## PROBLEM DETAILS:
From the material below, set down exactly the lines that run from the one containing "Nightdress women's spring" to the one containing "7.2.10 Erin Buttoned", minus the pictures.

Segment Open

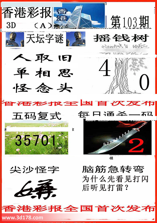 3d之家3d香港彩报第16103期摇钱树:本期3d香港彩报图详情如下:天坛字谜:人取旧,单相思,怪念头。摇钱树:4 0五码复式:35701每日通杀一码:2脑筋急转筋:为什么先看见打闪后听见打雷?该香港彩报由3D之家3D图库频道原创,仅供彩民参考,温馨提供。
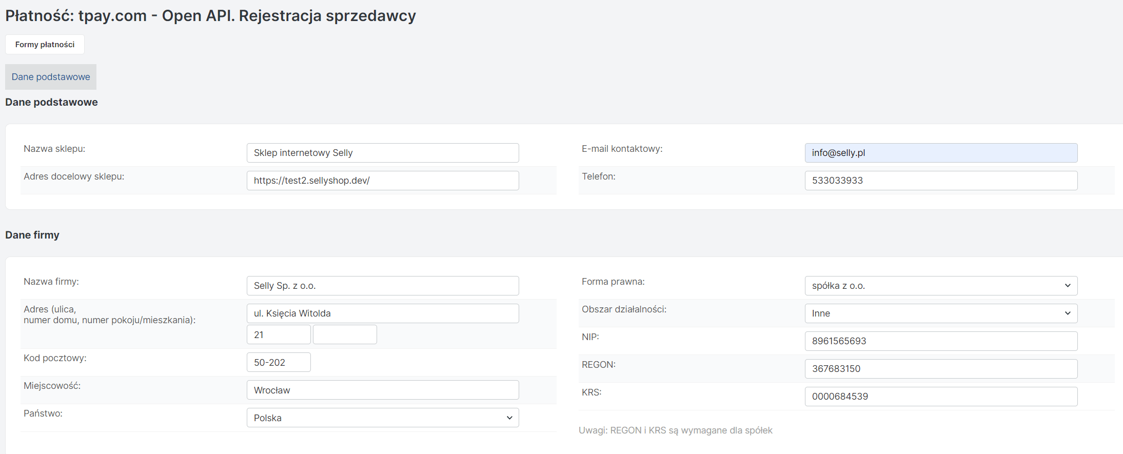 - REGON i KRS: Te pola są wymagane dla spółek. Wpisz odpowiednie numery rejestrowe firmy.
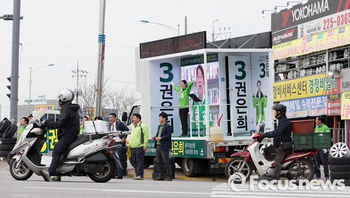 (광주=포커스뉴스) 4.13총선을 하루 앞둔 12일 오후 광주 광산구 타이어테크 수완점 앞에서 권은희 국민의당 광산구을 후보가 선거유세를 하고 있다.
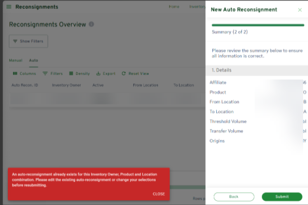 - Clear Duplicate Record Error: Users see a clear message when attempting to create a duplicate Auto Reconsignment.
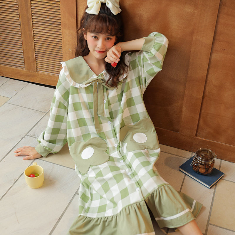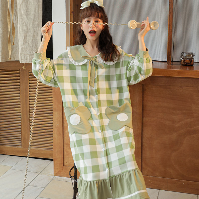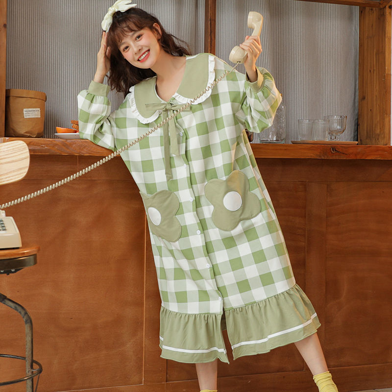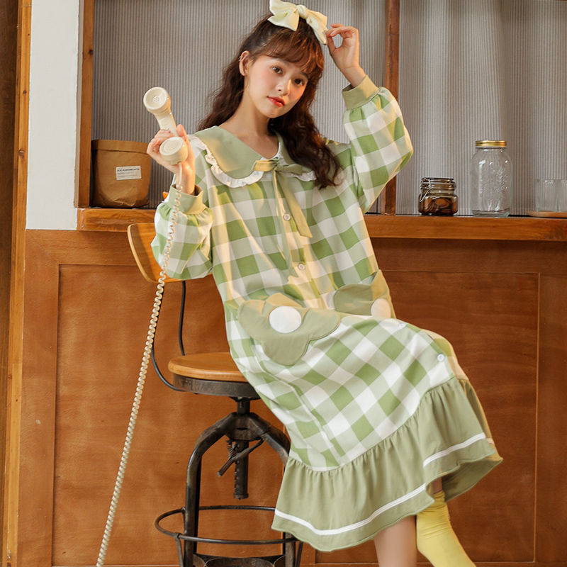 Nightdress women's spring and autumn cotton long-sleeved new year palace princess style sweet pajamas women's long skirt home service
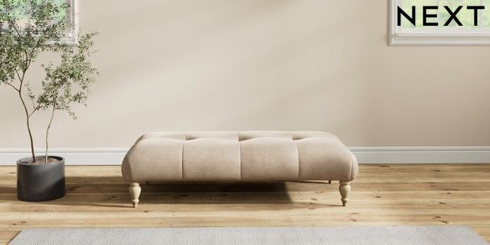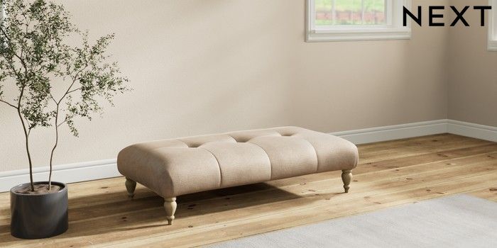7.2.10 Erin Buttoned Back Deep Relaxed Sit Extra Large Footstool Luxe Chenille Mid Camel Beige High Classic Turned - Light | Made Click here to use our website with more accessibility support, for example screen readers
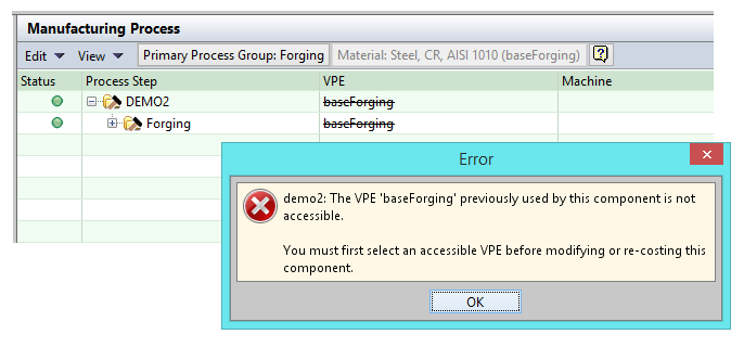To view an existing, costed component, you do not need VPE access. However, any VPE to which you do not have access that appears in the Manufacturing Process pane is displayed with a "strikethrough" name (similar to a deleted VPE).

Segment Closed

## SOLUTION FOR THIS EXERCISE:
 Nightdress women's spring and autumn cotton long-sleeved new year palace princess style sweet pajamas women's long skirt home service
7.2.10 Erin Buttoned Back Deep Relaxed Sit Extra Large Footstool Luxe Chenille Mid Camel Beige High Classic Turned - Light | Made Click here to use our website with more accessibility support, for example screen readers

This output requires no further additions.